*** Data below ***

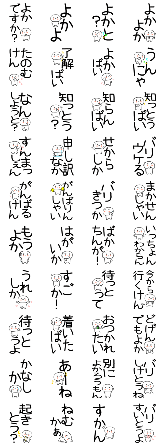 老眼でも見える日常で毎日無難に使える「博多弁」のスタンプです。しろくてまるいキャラクターです。(もるきゅた作) ※このスタンプはトークルームで大きく表示されるBIGスタンプです。
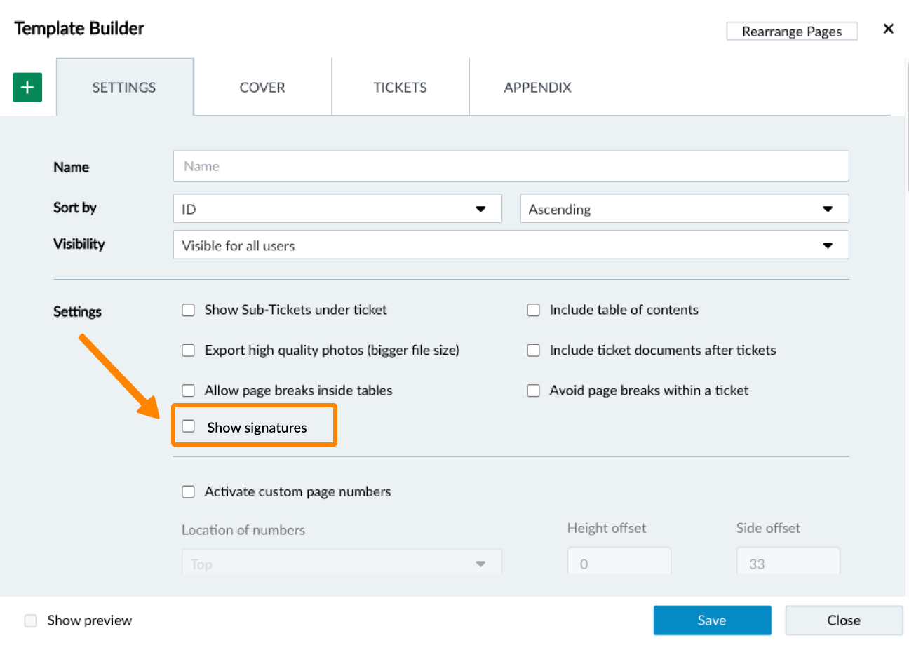 Afficher les signatures dans les rapports de tickets
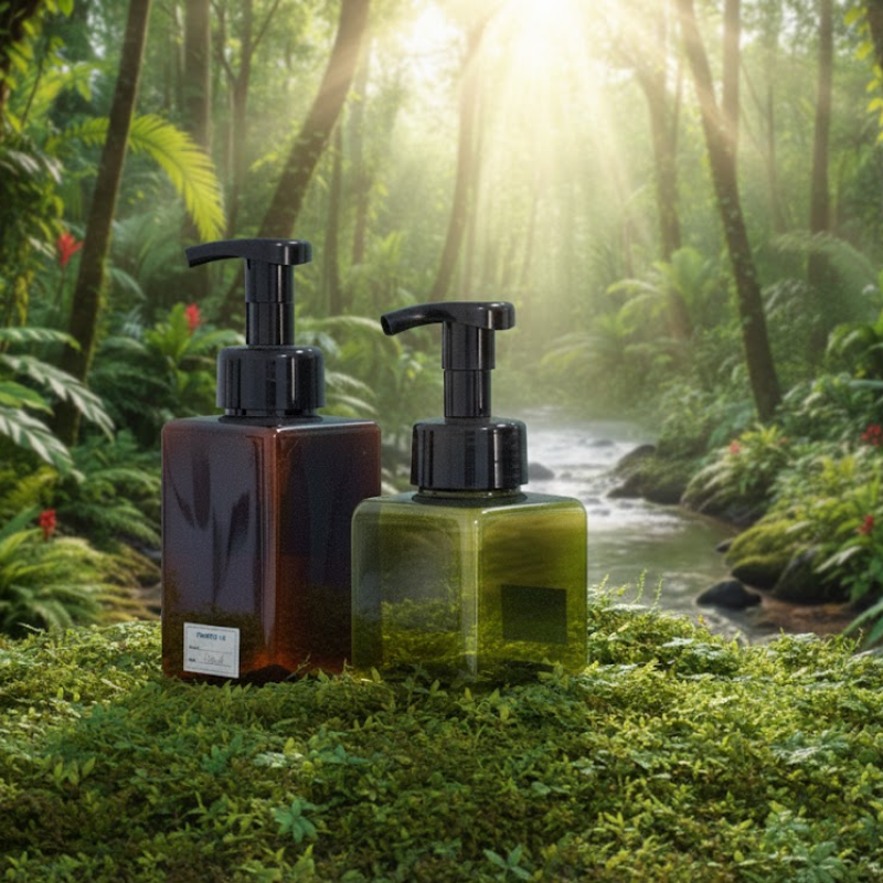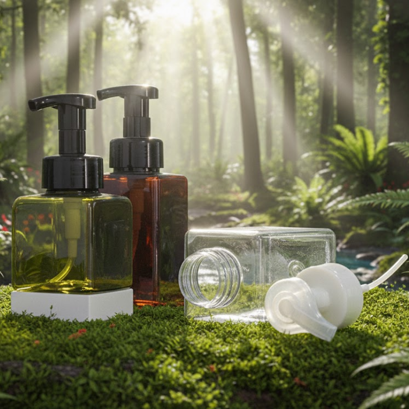ขวดบรรจุภัณฑ์เครื่องสำอางทรงสี่เหลี่ยมคุณภาพสูง ผลิตจากพลาสติก PET รีไซเคิลได้ พร้อมหัวปั๊ม 28/410 24/410 สำหรับโลชั่นและแชมพู

*** End of Data below ***

* Task objective: Write the data above out exactly. Leave out any pictures.

* Task answer:
 老眼でも見える日常で毎日無難に使える「博多弁」のスタンプです。しろくてまるいキャラクターです。(もるきゅた作) ※このスタンプはトークルームで大きく表示されるBIGスタンプです。
 Afficher les signatures dans les rapports de tickets
ขวดบรรจุภัณฑ์เครื่องสำอางทรงสี่เหลี่ยมคุณภาพสูง ผลิตจากพลาสติก PET รีไซเคิลได้ พร้อมหัวปั๊ม 28/410 24/410 สำหรับโลชั่นและแชมพู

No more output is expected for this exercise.